Think about it, we would want to give a recommendation to each user for each item. And these 100 items will be represented as 10 vectors: 1 vector per user. $$ 10 \cdot \, 10 = 100 $$ 

The beauty is that while it's a bunch of math, we're in computer science. We can just ask the computer to do it for us. Thanks, Numpy and/or Pandas!

### Mean Squared Error

The Mean Error looks like the following: 

$$ \sum_{i=1}^{N}(x_i-y_i)^2 $$

And it's purpose is to be able to calculate how far off you were from a perfect guess. Think of it this way: we want to know not simply that our guess is wrong (it's almost guaranteed to be tha) but we want to know how wrong it is. This is basically playing a game of hot and cold. Our first guess is likely to be very cold, and so we want a high loss. Our second guess is going to be informed by our first guess, and so on and so forth. Now, the Mean Squared Error is simply a choice (and a very common data science choice) for how we know how far we off. It's the language we're choosing instead of `hotter` and `colder`. 

If you want to see some code, then [George Seif](https://towardsdatascience.com/understanding-the-3-most-common-loss-functions-for-machine-learning-regression-23e0ef3e14d3) discusses Mean Squared Error. 

 
### Gradient Descent

So imagine that we realize that we are very `cold`. Well the next thing to do is try to get warmer, but our response to that `loss` is important. How big of a step do we take?

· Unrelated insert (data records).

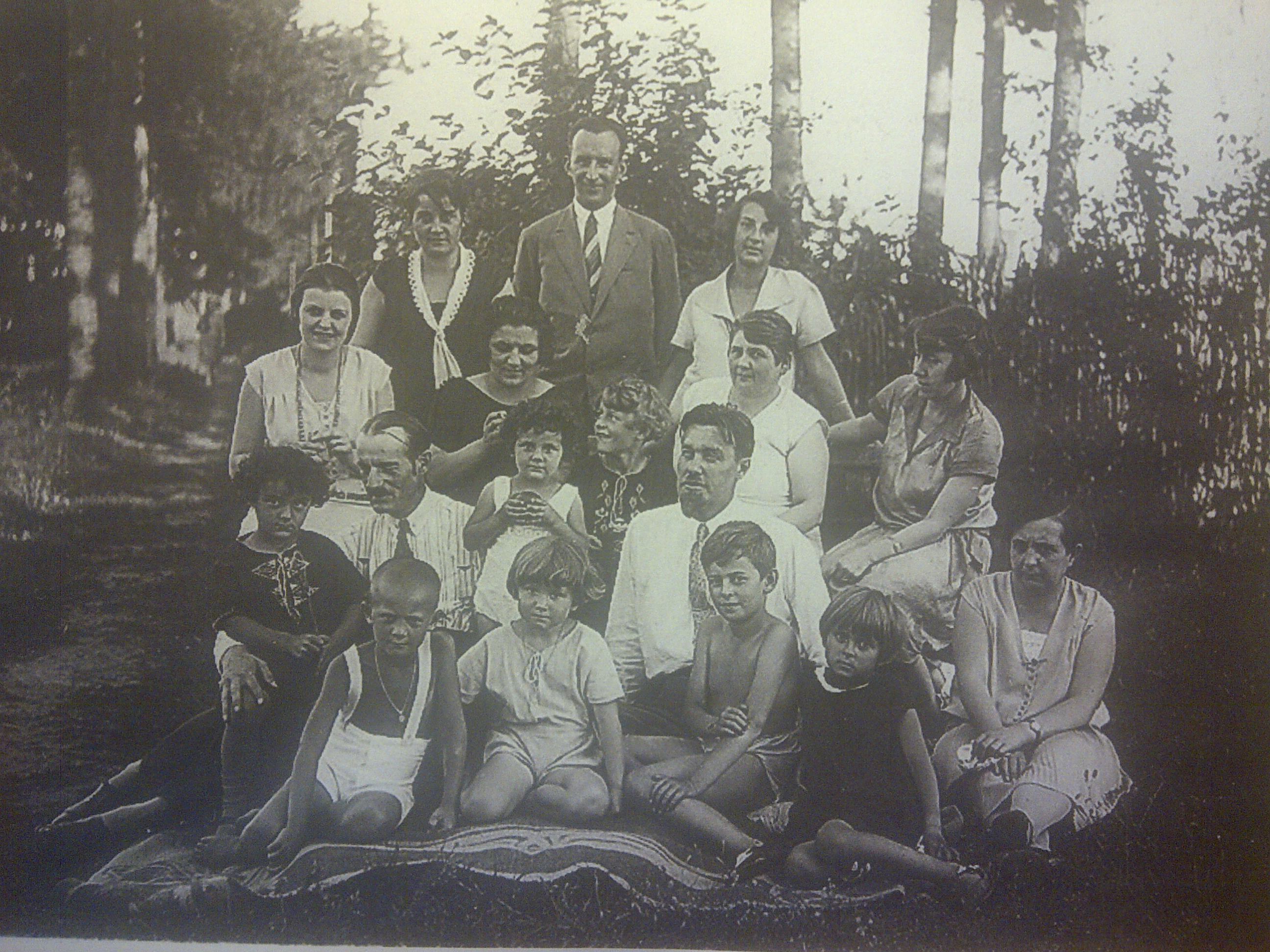 - zdjęcie zrobione zostało ok 1930 r w Brzuchowicach i przedstawia rodzinę Witołda Hartla, wójta w Brzuchowicach, inżyniera Fabryki Sklejki w Hołosku. Opis: Stoją, od lewej: – Niusia Kalkusowa, żona Franciszka Kalkusa wypychacza zwierząt, autora tego zdjęcia; – pan ?; – Janina z Legeżyńskich Szostakowska, żona Wacława Szostakowskiego. Siedzą, II-gi rząd od góry, od lewej: – Wisia Hartlówna, córka Witołda Hartla; – żona Romana Hartla; – Mićka Hartlowa z domu Salis, żona Witołda Hartla; – Jadwiga Legeżyńska, żona Józefa Legeżyńskiego. Siedzą, od lewej: – Roman Hartel z dwójka dzieci; – Witold Hartel. Dzieci siedzące na dole, od lewej: – Marian /Leszek/ Legeżyński; – Helena z Legeżyńskich Skarbińska; – Zbyszek Kalkus; – Krysia Kalkusówna.
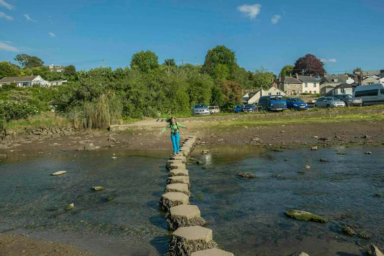 In Lerryn überquert man bei wenig Wasser den River Lerryn. Steine helfen bei der Überquerung. Bei Hochwasser geht man zurück zur Steinbrücke und folgt der ersten Straße nach links, bis man wenig später auf eine weitere Straße trifft, die zum Ufer des Flusses führt.
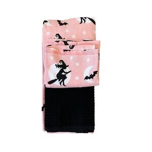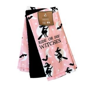 Add a touch of glam to your space with this brand-new 3-pack of Deborah Connolly The new release Deborah Connolly "Ride or Die Witches" Kitchen Towel Set is a festive and stylish addition to your kitchen decor. Made from 100% cotton, this set includes three kitchen towels featuring a pink and black color scheme with a fun witch theme, perfect for Halloween. The towels are designed with a witch pattern, making them a unique and eye-catching choice for your kitchen. Add a touch of magic to your kitchen with this cute and functional towel set from Deborah Connolly.
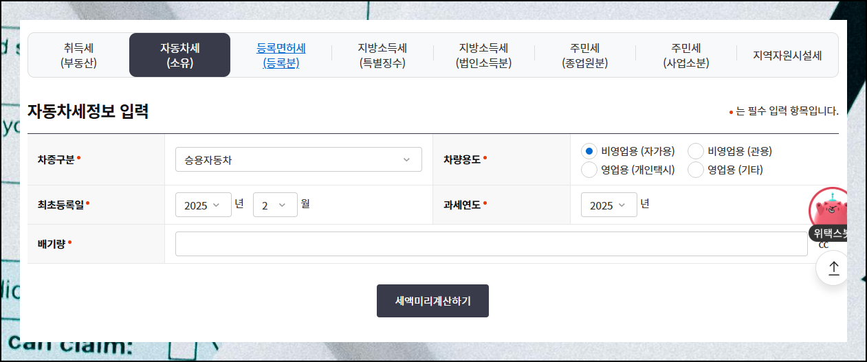 자동차세 계산 방법, 2025년 기준 자동으로 결과보기
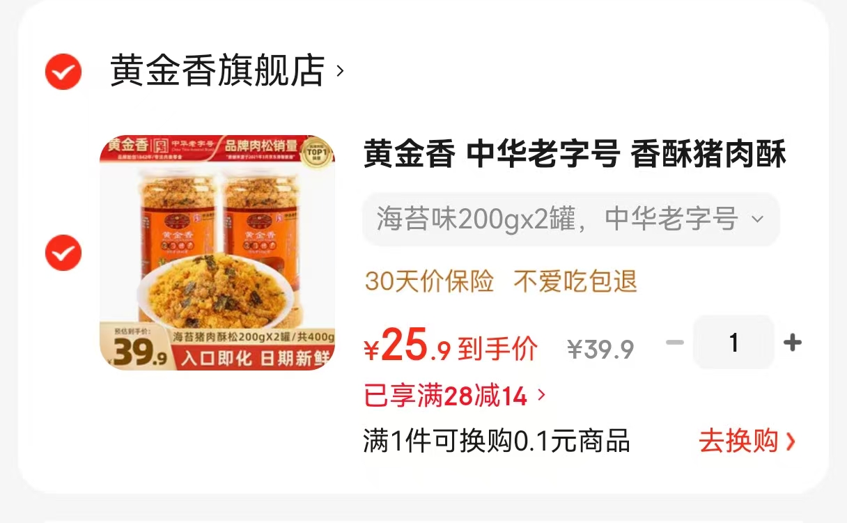 黄金香 中华老字号 香酥猪肉酥松200gx2罐【25.9】

Here it's helpful to visualize our loss. [Robert Kwiatkowski](https://towardsdatascience.com/gradient-descent-algorithm-a-deep-dive-cf04e8115f21) has a very mathy article that discusses gradient descent. It's quite good, and waaaayy to much to digest. But let's take a look at some of the images. 

![Gradient Descent](Gradient_Descent_Example.png)

This is a beautiful display of the difference that can happen depending on how big of steps the model takes. Note that those steps are not always the same distance. Why is that? Well, the answer is we are using our awareness of the loss, and we are then calculating how big of a step we need to take. 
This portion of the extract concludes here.